Der Ausdruck „Sohn Gottes“ war unter den Hebräern gebräuchlich, um einen Mann von großer Weisheit und Frömmigkeit zu bezeichnen. Christus verwendete ihn jedoch nicht in diesem Sinne, denn dann hätte Er nicht solche Aufregung verursacht. Die Frage, die die Juden aufgeworfen hatten, lautete: Hat Jesus sich selbst zum Sohn Gottes der Natur nach und damit zum wahren Gott gemacht? Aus den Berichten des Evangeliums über seine Worte und Taten geht klar hervor, dass Er dies getan hat.

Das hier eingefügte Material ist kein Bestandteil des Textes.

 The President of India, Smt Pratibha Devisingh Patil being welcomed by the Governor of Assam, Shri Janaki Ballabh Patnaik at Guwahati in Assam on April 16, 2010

a) Immer wenn Christus seine Beziehung zum Vater anspricht, sagt er: „Mein Vater”; wenn er jedoch von seinen Jüngern spricht, sagt er ausnahmslos: „Euer Vater”. Er spricht niemals von „unserem Vater”. Das Vaterunser bildet da keine Ausnahme, denn dieses Gebet wurde von ihm ausdrücklich für seine Apostel verfasst, wie wir aus seinen eigenen Worten wissen: „So sollt ihr beten.“ Die Unterscheidung wird sehr deutlich in den Fällen, in denen beide Ausdrücke in einem Satz vorkommen: „ Kommet, ihr Gesegneten meines Vaters! Nehmet das Reich in Besitz, welches euch bereitet ist von Grundlegung der Welt an.“ (Mt 25,34).

b) Als seine selige Mutter im Tempel zu ihm sagte: „Sohn! warum hast du uns das getan? Siehe, dein Vater und ich haben dich mit Schmerzen gesucht!“, antwortete er: „Wusstet ihr nicht, dass ich in dem sein muss, was meines Vaters ist?“ Ein zwölfjähriges Kind kann nur so sprechen, wenn es sich in einem ganz besonderen Sinne als Sohn Gottes fühlt.

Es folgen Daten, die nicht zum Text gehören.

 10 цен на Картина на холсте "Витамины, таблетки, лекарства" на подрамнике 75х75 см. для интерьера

c) Jesus hatte seine zweiundsiebzig Jünger ausgesandt, um das Evangelium zu predigen, und ihre Mission war von Erfolg gekrönt. Bei ihrer Rückkehr empfängt er sie mit den freudigen Worten: „Ich preise dich, Vater, Herr des Himmels und der Erde! Dass du dieses vor Weisen und Klugen verborgen, Einfältigen aber offenbaret hast. Ja, Vater! weil es also wohlgefällig gewesen ist vor dir. Alles ist mir von meinem Vater übergeben; und niemand kennt den Sohn außer der Vater; und auch den Vater kennet niemand außer der Sohn, und wem es der Sohn offenbaren will.“ (Mt 11,24-25; Lk 10,21).

Der Sinn dieser Worte ist derselbe wie in Johannes 1,18: „Gott hat niemand je gesehen; der eingeborne Sohn, der im Schoße des Vaters ist, er hat es uns kund getan.“ Die Gleichheit von Vater und Sohn in Bezug auf das Wissen wird klar zum Ausdruck gebracht, und diese Gleichheit impliziert, dass beide von gleicher Natur sind. „Die Substanz des Vaters“, sagt der heilige Thomas in seinem Kommentar zu dieser Stelle, „übersteigt das Verständnis eines geschaffenen Verstandes; ebenso verhält es sich mit der Substanz des Sohnes, die nur dem Vater bekannt ist.“

d) Am Vorabend seines Leidens bekannte Christus vor den Pharisäern im Gleichnis vom Weinberg (Markus 12,1-12) offen seine göttliche Sohnschaft. Die Bedeutung des Gleichnisses ist klar. Die Knechte, die der Herr des Weinbergs gesandt hat, sind die Propheten. Sein „ Sohn, den er überaus liebte“ war mehr als ein Prophet, mehr als der Gesalbte Gottes. Die einleitenden Worte des Hebräerbriefes sind der beste Kommentar zu diesem Gleichnis: „Nachdem Gott vor Zeiten vielfach und auf vielerlei Weise durch die Propheten zu den Vätern geredet, hat er zuletzt in diesen Tagen zu uns geredet durch den Sohn, welchen er zum Erben über alles gesetzt, durch den er auch die Welt gemacht hat; welcher, da er der Abglanz seiner Herrlichkeit und das Ebenbild seines Wesens ist, und durch das Wort seiner Macht alles trägt, sich, nachdem er uns von Sünden gereinigt, gesetzt hat zur Rechten der Majestät in der Höhe […]“.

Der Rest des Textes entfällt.